Perubahan itu membuat produksi susu dan kualitas semakin baik. Pengelolaan yang baik membuat kasus mastitis jarang terjadi, katanya.

Setiap bulan dari 36 ekor sapi perah yang laktasi meraih pendapatan kotor Rp50 juta dikurangi biaya pakan sekitar Rp14 juta per bulan.

    
              Kandang Komunal
Jika Adang masih menggunakan kandang individual, maka Dede Rahmat selain menerapkan stok hijauan, ia juga terpikat dengan model kandang komunal setelah ia mendapat kesempatan pelatihan di Belanda tahun 2015.

Menyadari apa yang dipraktikkan selama ini banyak yang salah sehingga bertekad mengubah semuanya mulai dari nol.

Semua sapi yang berjumlah 300 ekor dijual dan mulailah membangun satu unit kandang komunal dan membeli 50 ekor sapi yang benar-benar unggul.

Model itu memberikan kesempatan sapi bergerak bebas dan memilih kandang yang disediakan.
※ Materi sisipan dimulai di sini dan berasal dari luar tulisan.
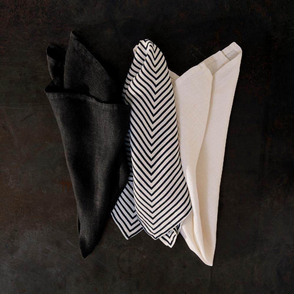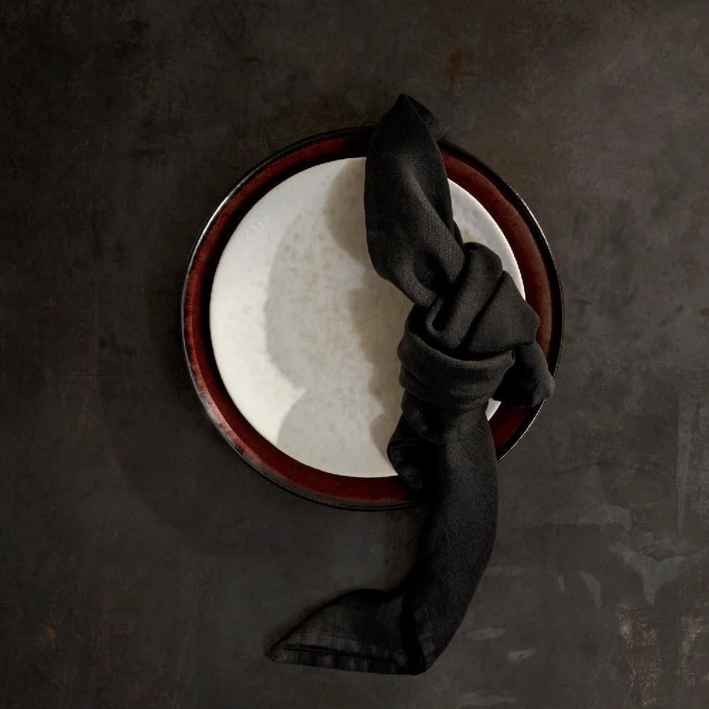 L'Objet Sateen Modern Classic Black Linen Napkins - Set of 4

Tempat tidur sapi dibuat terpisah dengan alas serbuk gergaji ditambah kapur.

Sistem baru itu sangat menghemat tenaga kerja karena dari pemeliharaan 50 ekor sapi cukup merekrut tiga karyawan, apalagi menggunakan mesin perah portabel.

Model kandang itu membuat sapi lebih sehat dan jarang terjadi mastitis karena ambing sapi saat tidur tidak menyentuh kandang yang terkontaminasi kotoran.

Dengan hijauan berupa jagung beserta tongkolnya yang diproses menjadi silase serta pakan konsentrat pabrikan, produksi susunya rata-rata 17 liter per ekor. Artinya ada juga yang puncak produksinya sampai 35 liter per hari.

Yang menarik Dede melakukan kontrak penyediaan tanaman jagung beserta tongkol jagung dengan petani di sekitar Bandung. Harga kontrak tanaman jagung itu Rp850 per kilogram sampai di lokasi peternakan. Dede yang juga petani bunga itu mengaku menyiapkan stok tanaman jagung sampai dua bulan ke depan.

Manajemen usaha yang baik membuat hasil produksi susu peternakan Dede, selalu mempunyai kadar lemak minimal empat persen dan protein minimal delapan persen. Wajar Frisian Flag selalu membeli susu dari Dede di harga Rp6.000 per liter.

Karena itu dia mengajak semua peternak meniru model usaha seperti miliknya. Gal itu dilakukan dengan pronsop, kalau dia bisa maju, maka semua peternak juga harus bisa maju.